> _INFORMATION GIVEN_
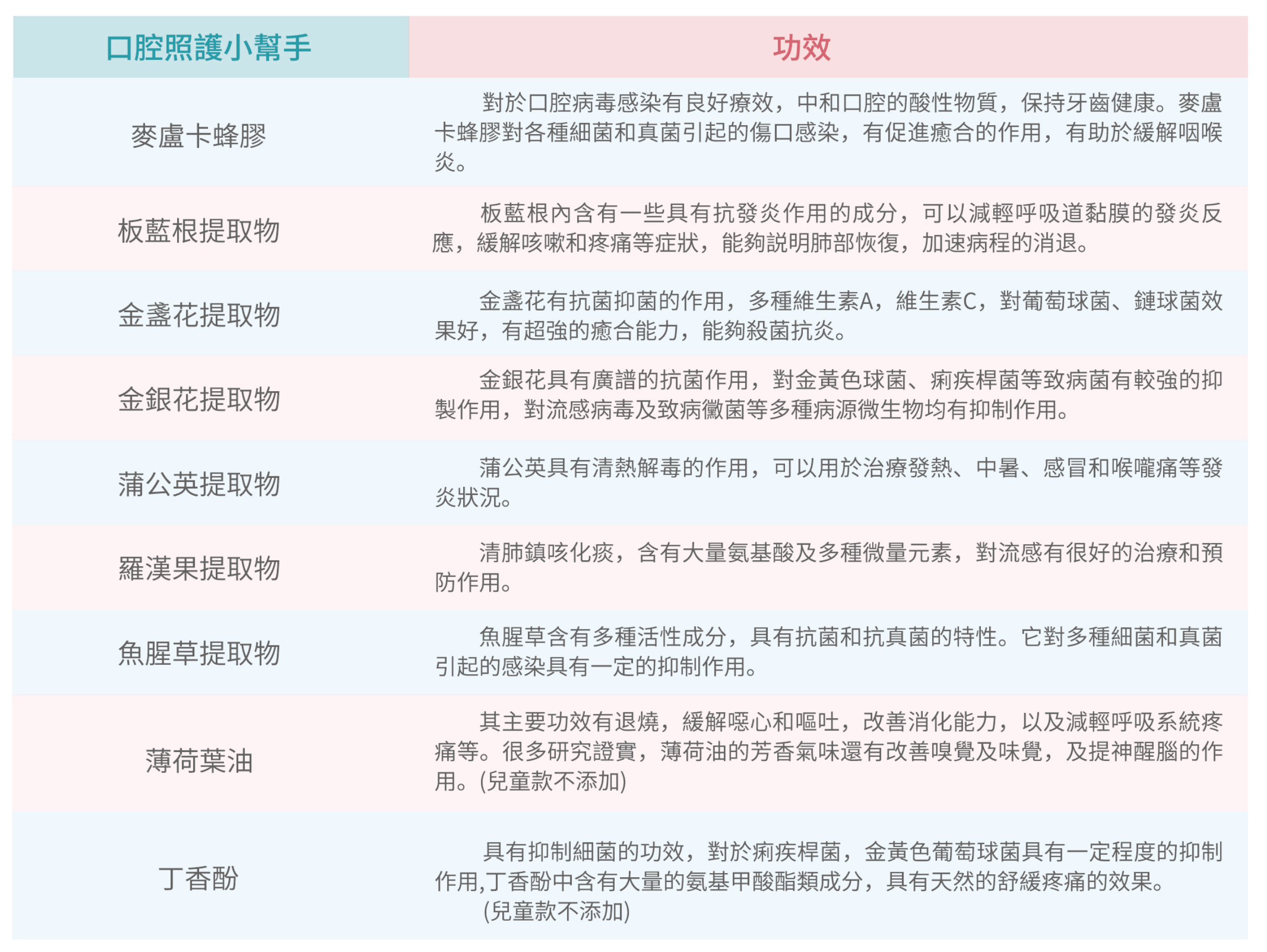 A:含多種草本萃取(金銀花,金盞花、羅漢果、八角茴香果、肉桂樹皮、到手香),另外添加麥盧卡蜂膠,對咽喉消炎殺菌有舒緩效果及減少咳嗽的發生。
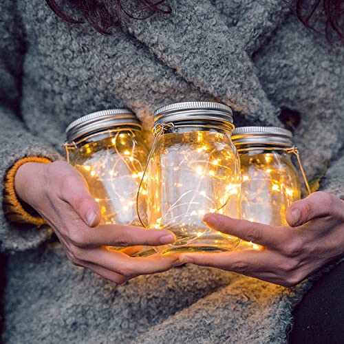 Gadgy ® Solcellslykta Mason Jar glaslykta Fairy Lights Small | (3 stycken) | 20 varmvita lysdioder | Glasslykta med LED slinga för utomhusbruk | Trädgårdslykta
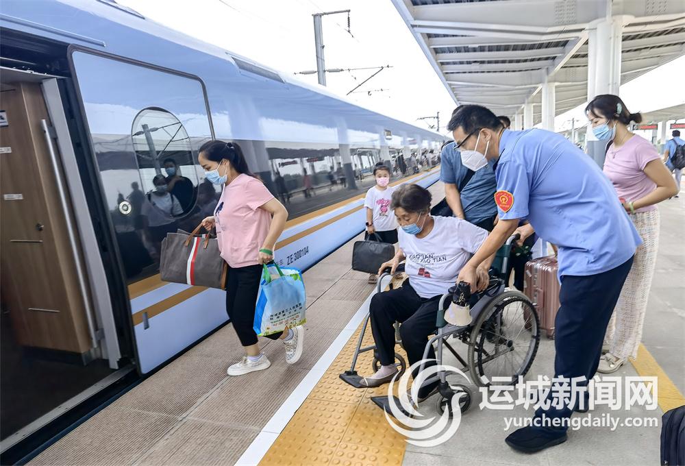 圖為8月15日,運城北站客運人員幫扶重點旅客上車。
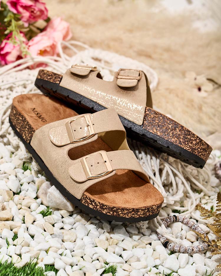 • Отличные женские шлепанцы на плоской подошве. Изготовлены полностью из экологичной кожи. Имеют декоративные пряжки на верхней части. Подошва декорирована материалом а'ля пробка. Отличный выбор для отпуска!
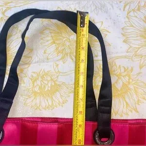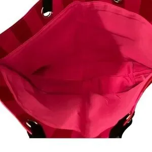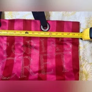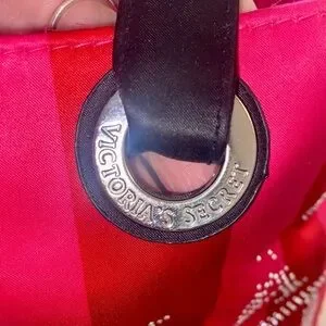 Stylish tote with vibrant red and pink stripes. Features sparkling VS logo detail. Perfect for a fashionable touch.
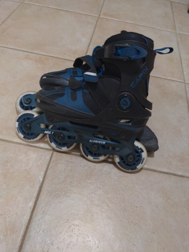 Selling a pair of Capix inline skates in black and blue. These skates are in good condition and ready for some fun! Adjustable sizes 1-4. Can throw in a set of xxs pads for free (not super good condition).
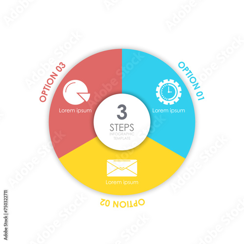 Circle business infographic template with 3 steps or options. The concept can be used for diagram, graph, chart, business presentation or web. Vector design element illustration.
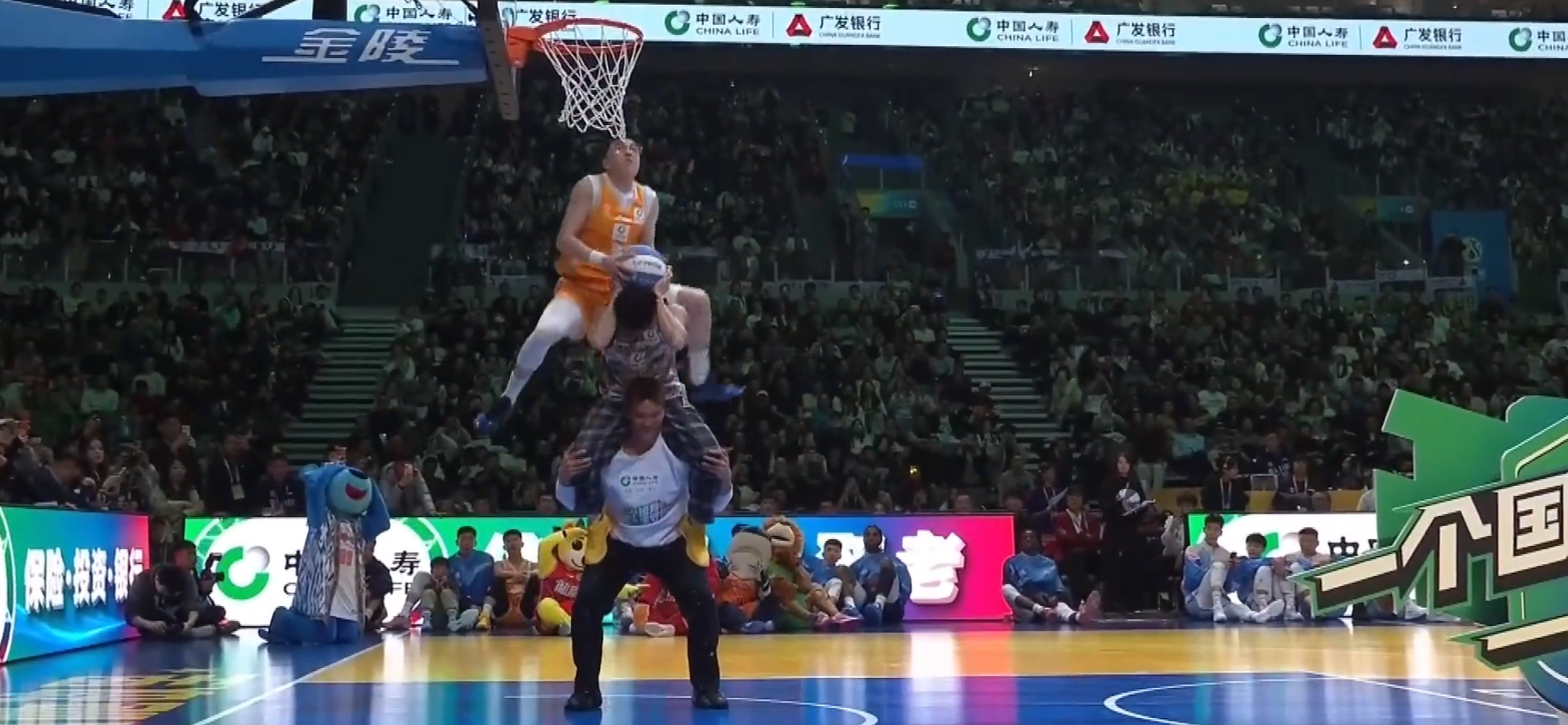 扣篮大赛最后一个亮相,刘礼嘉、外卡球员张鼎岩、余泽辰参加。第一个出场的是刘礼嘉,第一个扣篮拿到41分,第二个扣篮拿到41分,总分82分。第二个出场的是张鼎岩(外卡球员),他第一扣飞跃叠罗汉的两人,用平筐反扣拿到50分;第二扣表演“蝎子摆尾”又拿50分。第三个出场的是俞泽辰,第一扣打侧沿空接反扣拿到50分,第二扣空接转体再拿50分,和张鼎岩进入加赛。
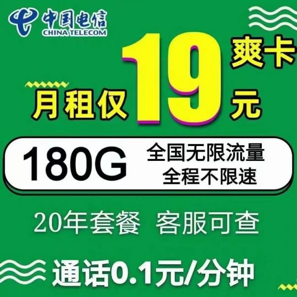 19爽,月租19元包无限量,180g后限速,永久套餐,邮寄原件过户!
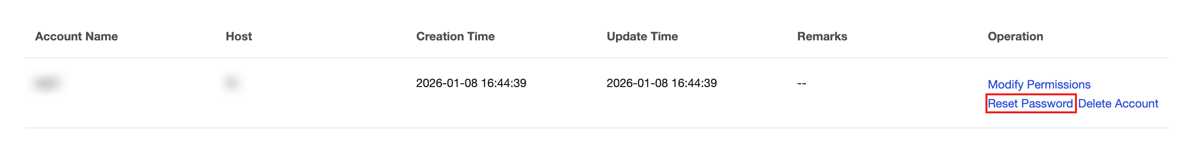 The system supports resetting instance passwords. If you forget your database account password or need to modify it during database usage, you can reset the password via the console.
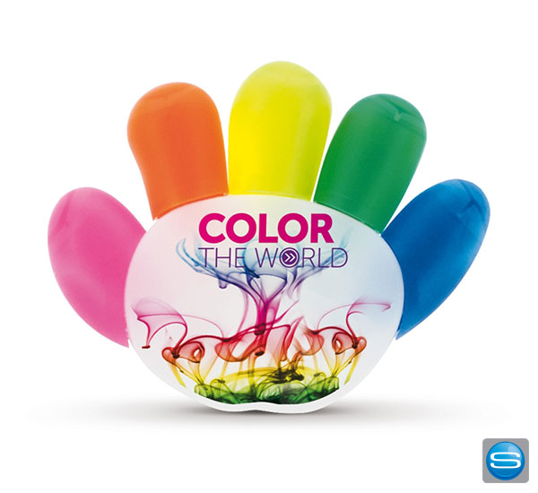 Textmarker in Handform mit 5 Leuchtstiften mit Logo bedrucken
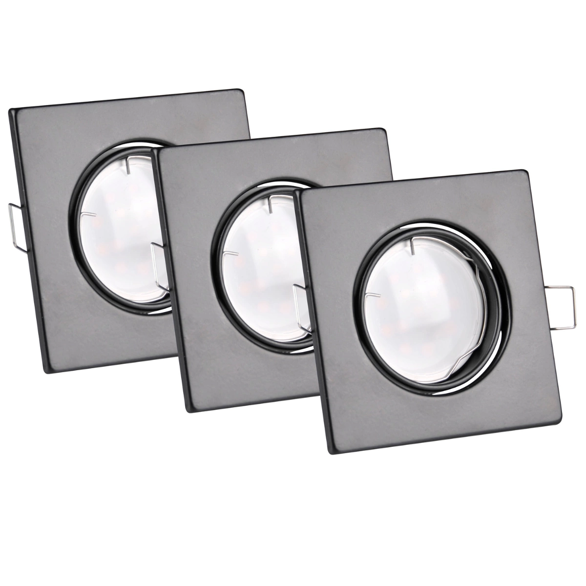 Sada 3x GOLDLUX pohyblivá halogenová žárovka, čtvercová, černá + GU10 3,5W LED žárovka
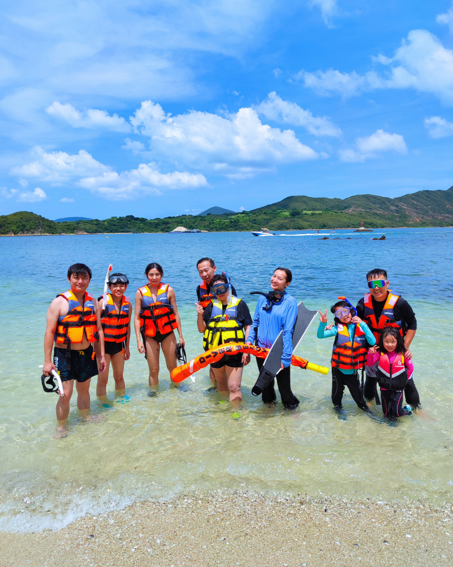 The speedboat ride provides a thrilling experience as you glide across the clear waters of Sai Kung, offering a unique perspective of the coastline and nearby islands. Once you arrive at Long Mong Wan, you can dive straight into snorkeling among vibrant coral reefs or simply relaxing on the sandy beach.
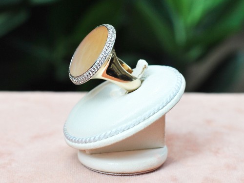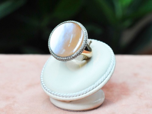 Un gioiello firmato Vhernier che incarna grazia e femminilità: questo incantevole anello presenta una luminosa Pietra di Luna rotonda, dalle delicate sfumature madreperlacee, che cattura la luce con un effetto etereo e cangiante.
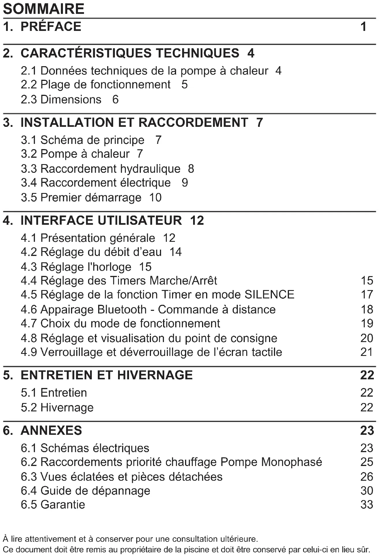 SOMMAIRE À lire attentivement et à conserver pour une consultation ultérieure. Ce document doit être remis au propriétaire de la piscine et doit être conservé par celui-ci en lieu sûr.1
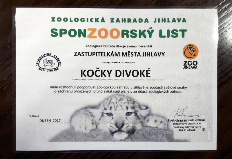 Jihlavské zastupitelstvy se také letos staly adoptivními rodiči kočky divoké v jihlavské zoo

> _AIM OF THE TASK_
Transcribe the listing exactly. Its images are to be omitted.

> _ANSWER FOR THE TASK_
 A:含多種草本萃取(金銀花,金盞花、羅漢果、八角茴香果、肉桂樹皮、到手香),另外添加麥盧卡蜂膠,對咽喉消炎殺菌有舒緩效果及減少咳嗽的發生。
 Gadgy ® Solcellslykta Mason Jar glaslykta Fairy Lights Small | (3 stycken) | 20 varmvita lysdioder | Glasslykta med LED slinga för utomhusbruk | Trädgårdslykta
 圖為8月15日,運城北站客運人員幫扶重點旅客上車。
 • Отличные женские шлепанцы на плоской подошве. Изготовлены полностью из экологичной кожи. Имеют декоративные пряжки на верхней части. Подошва декорирована материалом а'ля пробка. Отличный выбор для отпуска!
 Stylish tote with vibrant red and pink stripes. Features sparkling VS logo detail. Perfect for a fashionable touch.
 Selling a pair of Capix inline skates in black and blue. These skates are in good condition and ready for some fun! Adjustable sizes 1-4. Can throw in a set of xxs pads for free (not super good condition).
 Circle business infographic template with 3 steps or options. The concept can be used for diagram, graph, chart, business presentation or web. Vector design element illustration.
 扣篮大赛最后一个亮相,刘礼嘉、外卡球员张鼎岩、余泽辰参加。第一个出场的是刘礼嘉,第一个扣篮拿到41分,第二个扣篮拿到41分,总分82分。第二个出场的是张鼎岩(外卡球员),他第一扣飞跃叠罗汉的两人,用平筐反扣拿到50分;第二扣表演“蝎子摆尾”又拿50分。第三个出场的是俞泽辰,第一扣打侧沿空接反扣拿到50分,第二扣空接转体再拿50分,和张鼎岩进入加赛。
 19爽,月租19元包无限量,180g后限速,永久套餐,邮寄原件过户!
 The system supports resetting instance passwords. If you forget your database account password or need to modify it during database usage, you can reset the password via the console.
 Textmarker in Handform mit 5 Leuchtstiften mit Logo bedrucken
 Sada 3x GOLDLUX pohyblivá halogenová žárovka, čtvercová, černá + GU10 3,5W LED žárovka
 The speedboat ride provides a thrilling experience as you glide across the clear waters of Sai Kung, offering a unique perspective of the coastline and nearby islands. Once you arrive at Long Mong Wan, you can dive straight into snorkeling among vibrant coral reefs or simply relaxing on the sandy beach.
 Un gioiello firmato Vhernier che incarna grazia e femminilità: questo incantevole anello presenta una luminosa Pietra di Luna rotonda, dalle delicate sfumature madreperlacee, che cattura la luce con un effetto etereo e cangiante.
 SOMMAIRE À lire attentivement et à conserver pour une consultation ultérieure. Ce document doit être remis au propriétaire de la piscine et doit être conservé par celui-ci en lieu sûr.1
 Jihlavské zastupitelstvy se také letos staly adoptivními rodiči kočky divoké v jihlavské zoo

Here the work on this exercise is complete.